Path B - Custom rollout_func with CUDA_LAUNCH_BLOCKING=1. Re-run the rollout_func setup with synchronous CUDA so the next assert points at the actual line. Probably reveals an OOV-token issue we can clip defensively in the rollout_func itself.

I'm currently on Path A - already reverted the script, prompt now hard-pushes XML format, env_factory back in place. Restart kernel, push the revert, see what happens.

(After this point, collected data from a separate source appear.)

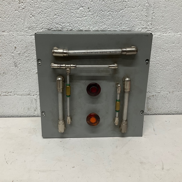 Vintage industrial control panel with metal pipes and indicator lights, ideal for retro spaces.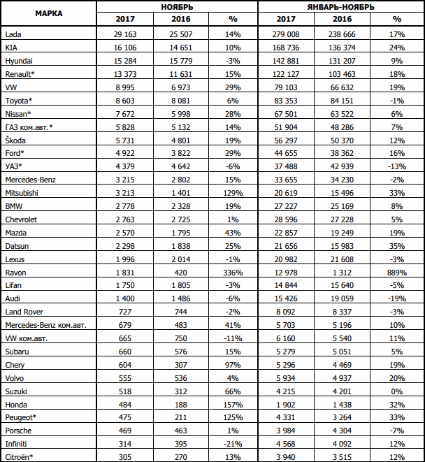 Согласно данным Ассоциации европейского бизнеса (АЕБ), в России продажи новых легковых и легких коммерческих автомобилей в ноябре 2017 года выросли к ноябрю 2016 года на 15% (19 913 единиц) и составили 152 259 штук. С начала 2017 года было продано 1 430 197 автомобилей. Кумулятивный показатель за 11 месяцев текущего года отражает рост продаж на 12%. Аналогичный показатель в прошлом году отражал снижение продаж на 12%.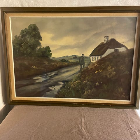 Oljemaleri af et landskab med en sti, hegn og træer. Maleriet viser en naturlig scene med himmel og skyer, græs og buske langs stien. Farverne domineres af grønne, brune og blå nuancer.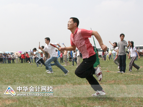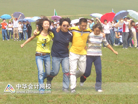 首先开始的是绑腿跑,别的比赛都是两个人绑在一起跑,我们可是四个人绑在一起跑哟。这项运动也是最能培养团队精神的,这些员工在工作中就互相帮助,到了赛场上更是配合得相当默契,各个部门之间的竞争异常激烈,这可就忙坏了计时的裁判,虽然说一个裁判负责一个队,但是真正比起来,临时状况比较多,跑错道的,进错门的,林林总总的突发事件让他们目不暇接,现场听得最多的一句话就是:“客服的呢?……市场的呢?……”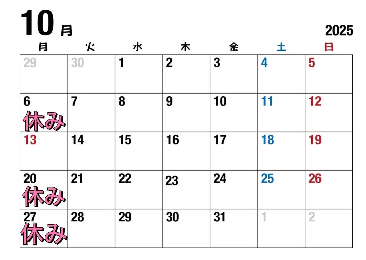 🌺10月のお休み🌺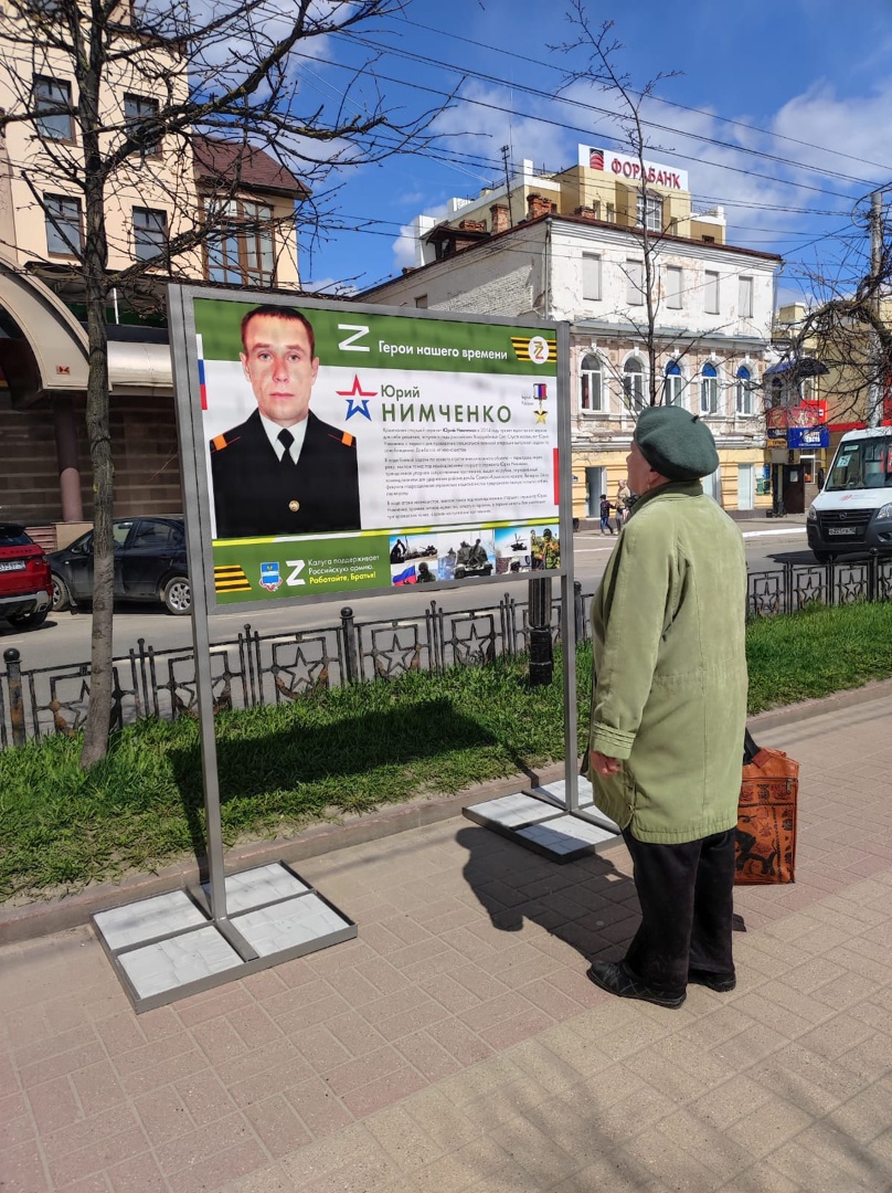 Аллея с портретами и описанием подвигов героев, защищающих Донбасс, появилась в преддверии Дня Победы в центре Калуги. На пешеходном бульваре улицы Кирова расположились 13 стендов.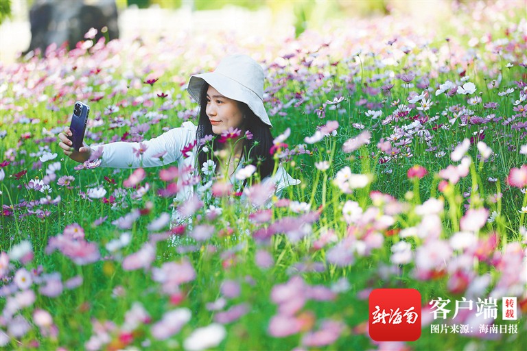 1月25日,游客在三亞南山文化旅游區(qū)花叢中自拍。 通訊員 陳文武 海南日報記者 王程龍 圖/文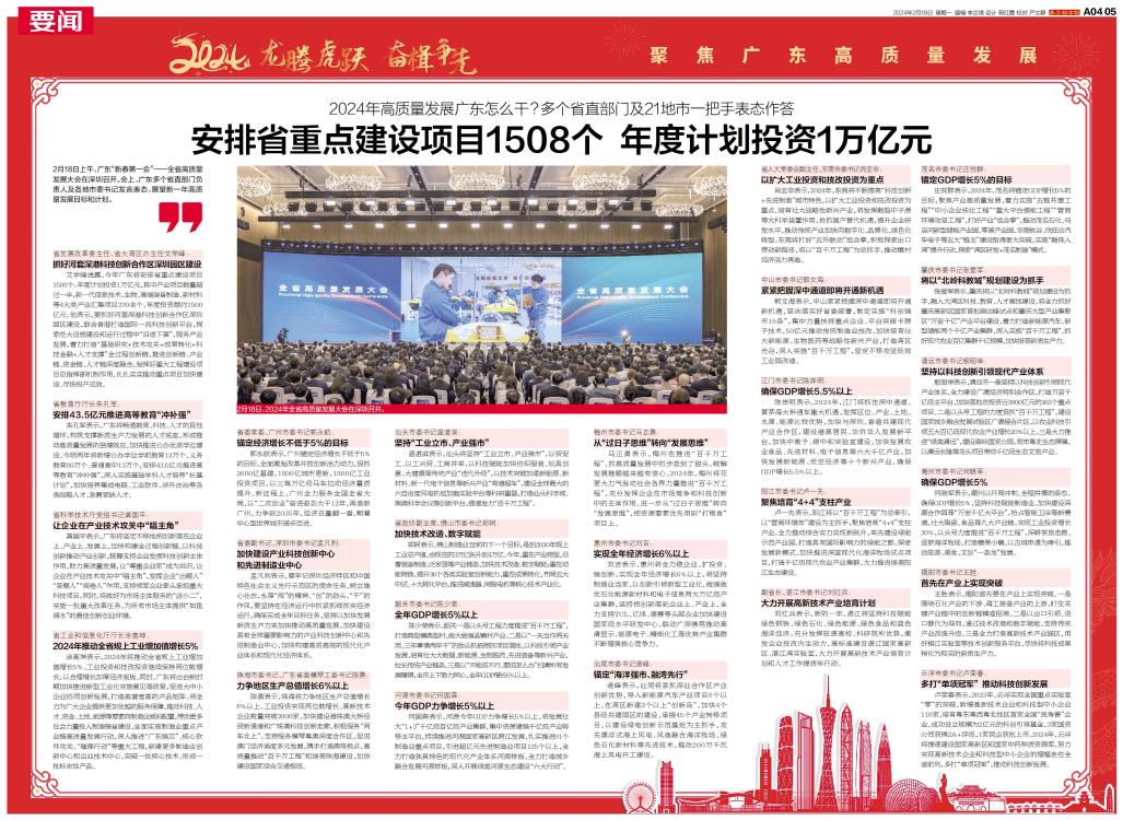 涂高坤表示,2024年将推动全省规上工业增加值增长5%、工业投资和技改投资继续保持两位数增长,以合理增长加厚经济底板。同时,广东将出台新时期加快推进新型工业化实施意见等政策,促进大中小企业协同创新发展,打造美誉度高的产品矩阵。将全力为广大企业提供更加优越的服务保障,推动科技、人才、资金、土地、能源等要素向制造业倾斜配置,带动更多社会力量投入制造强省建设,全面实施制造业重点产业链高质量发展行动,深入推进“广东强芯”、核心软件攻关、“璀璨行动”等重大工程,新建更多制造业创新中心和企业技术中心,突破一批核心技术、形成一批标志性产品。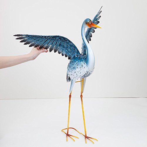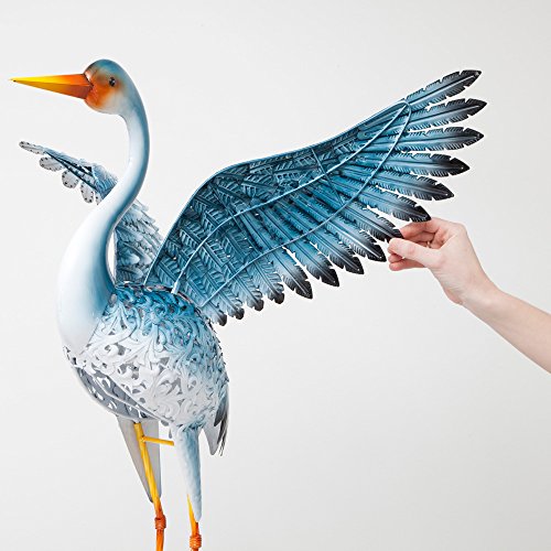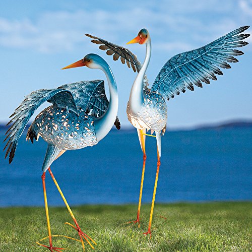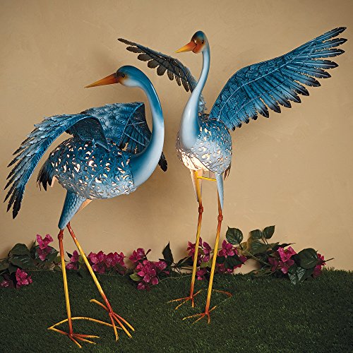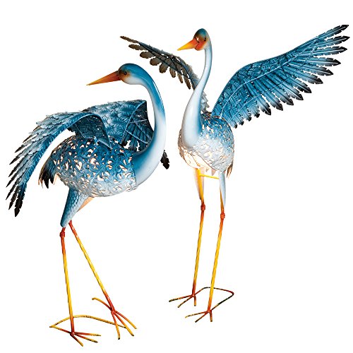 Bits and Pieces - Set of Two (2) Solar Powered LED Light-up Blue Cranes Garden Statues - Metal Cranes Perfect Garden Décor - Metal Garden Art, Outdoor Lawn and Patio Décor

If Path A also fails, the fallback is to skip Qwen2.5-Coder entirely and use a smaller Qwen3 model (which TRL's parser knows natively) for the GRPO comparison. Less interesting story but faster path to a working number.


What I'd do differently

  • Pick a model TRL natively supports for the tool-calling format. Qwen3 (any size) instead of Qwen2.5-Coder. The format mismatch ate hours.
  • Rule out vLLM sleep_mode + LoRA from the start. This combo is fragile. Either disable sleep mode and pay the memory cost, or pick a smaller model that fits comfortably without sleeping.
  • Test the SFT model on the env before spending eval budget. 53 trajectories was always going to be a tight regime; an early in-process smoke test with eval_lora.py on 4-5 tasks would have set expectations correctly.
  • Trackio rename, not delete, for failed runs. The office-doc-grpo project on Trackio has a 0-reward run that's evidence of the format-mismatch issue, not waste. It stays as -attempt1.

What still needs to happen

  • A successful GRPO run end-to-end (any path) with non-zero reward curve in Trackio.
  • Eval the GRPO'd model on the 22-task held-out split. Fill in the leaderboard's "GRPO" row.
  • Fair comparison: GRPO from base + fresh LoRA vs GRPO from SFT'd adapter. Both runs need to use the same prompt format and rollout path so the comparison is real.
  • Tighten the dashboard - add a Trackio embed in the dashboard once GRPO is producing curves worth showing.